(Part One)
Am I the only farm kid who tried to avoid the hay mow?
The hay loft always seemed so much darker, spookier, more mysterious in the dead of winter.
I tried everything to get someone else to do it when it came time to climb that mountain of a ladder in to the highest mow.
“Ah, you need to quit reading so many scary books,” my dad would say to me. “It’s the same big old barn as it was before you started reading In Cold Blood, you know.”
Just like us. OK, technically I knew he was right. I just couldn’t get that murdered Kansas family out of my mind who seemed so very much like us that it made my own blood run cold.
A farm family, two older girls grown up and gone, the hired hand returned from the pokey with the plan to kill them all and make off with the money stored in the house.
Dad reminded me that we didn’t have any scary former hired hands, and we sure didn’t have any money just lying around for the taking. Our money was in land, barns, equipment, cows … Something no bad guy could abscond with even if he wanted to.
OK, I knew he was right. But it still didn’t make my ebbing panic go away.
In the darkness. That old ladder seemed to go up and up in to the dark shadows of that barn where anyone, absolutely anyone, could be hiding.
OK, take a deep breath. You just need to hurry up and get up there and throw down 16 bales of hay. Just 16, and then you are done.
Until tomorrow, when you’ll have to put yourself through all of this all over again.
Up the ladder. The panic seemed to mount as I climbed that ladder. I reached the jumping off point, the hay stacked up there good and tight from the productive summer’s great alfalfa crop.
I made my way over the tightly packed bales to where we were to pull today’s bales from, and yanked hard on the first one.
Yikes! A cat let out a scream that was similar to the scariest horror movie sound ever emitted and I nearly fell over in a dead faint.
My heart was pounding hard enough to beat right through my layers and layers of coveralls, long johns, sweatshirts and a barn coat.
Trusty weapon.
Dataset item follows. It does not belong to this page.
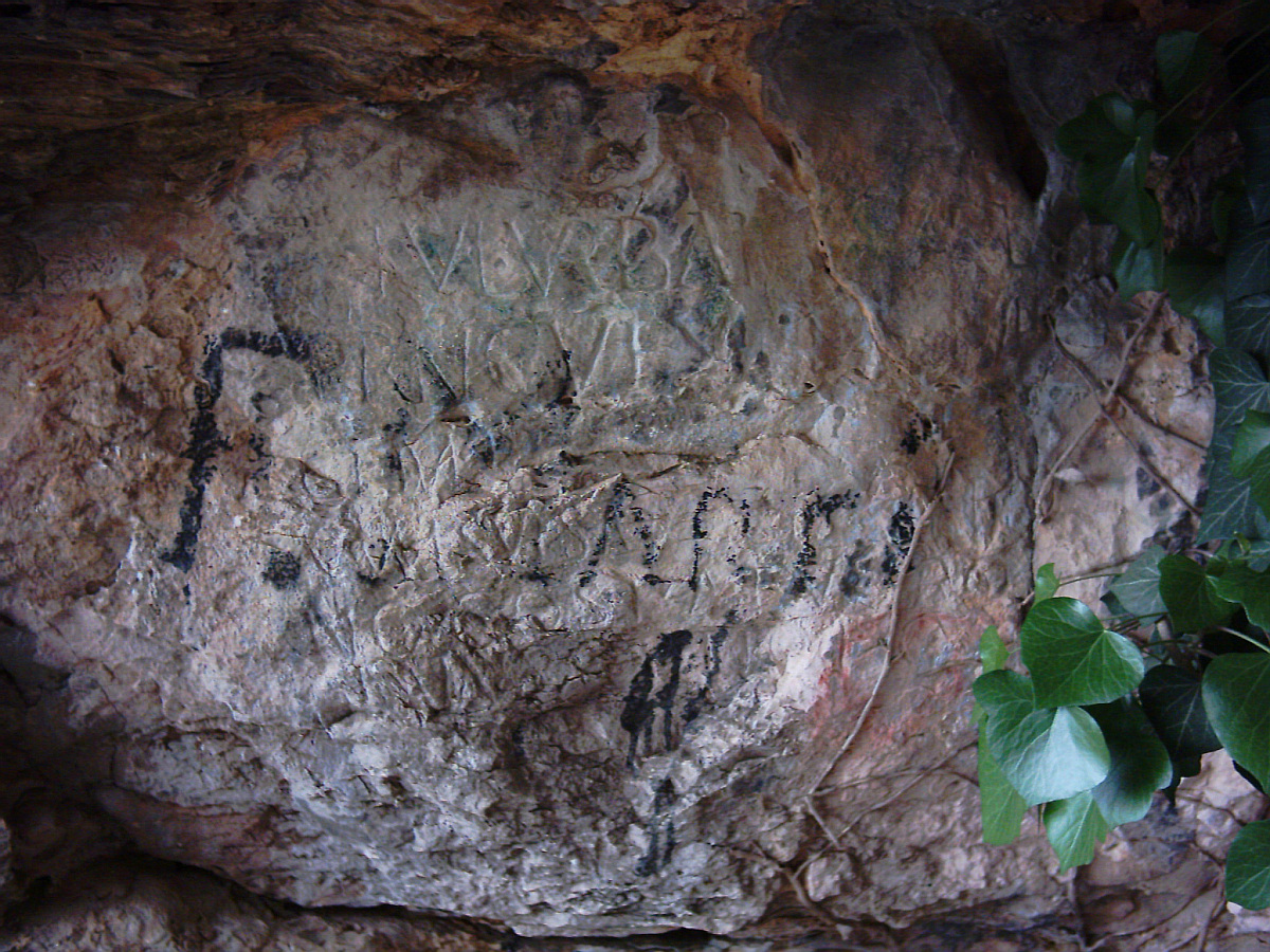 Roman inscription besides the cave "Cova de l'Aigua", Montgó Natural Parc, Denia, Province of Alicante, Spain

I reached for the flashlight I carried as a weapon, just in case I needed to beat someone over the head in my attempt to escape sure death.
After I caught my breath, I realized the wild mama cat was warning me to stay away from her nest of babies.
Shining my fading flashlight on to the hollowed-out spot in the mow, the critters looked like little mice, small and ugly, but content and sleeping.
My blood-curdling screams had not awakened them. How dare they be so peaceful when I was in such heightened agony?
Horrors of it all. I threw those 16 bales down, lickety-split, somehow managed to practically slide down that ladder as if it were a firehouse pole, finished the chores in spite of my pending heart attack and went to dad to tell him the horrors of it all.
He filled his pipe with tobacco as he listened to my dramatic plea to never, ever have to do that job again.
He packed the tobacco down, lit the pipe, thought long and hard before saying to me, “That’s great that you found the nest of kittens. Now, each day, you can check on them for me and see how much they’ve grown since the day before.”
Deaf ears. Turns out, my plea for clemency from that chore fell completely on deaf ears. Did he not hear the part about my heart attack?
Did he not hear the part about the wobbly ladder and my knocking knees giving out on me? Did he not hear the part about the possible ax murderer lurking in the dark shadows at the very back of the mow where no one would think to look for him?
All he heard was ‘kittens.’ All he could do was add to my list of chores.
It put a whole new spin on the chore of climbing in to the dark mow.
Perhaps I would survive it. After all, what ax murderer would have the guts to climb up there with that screaming mama cat?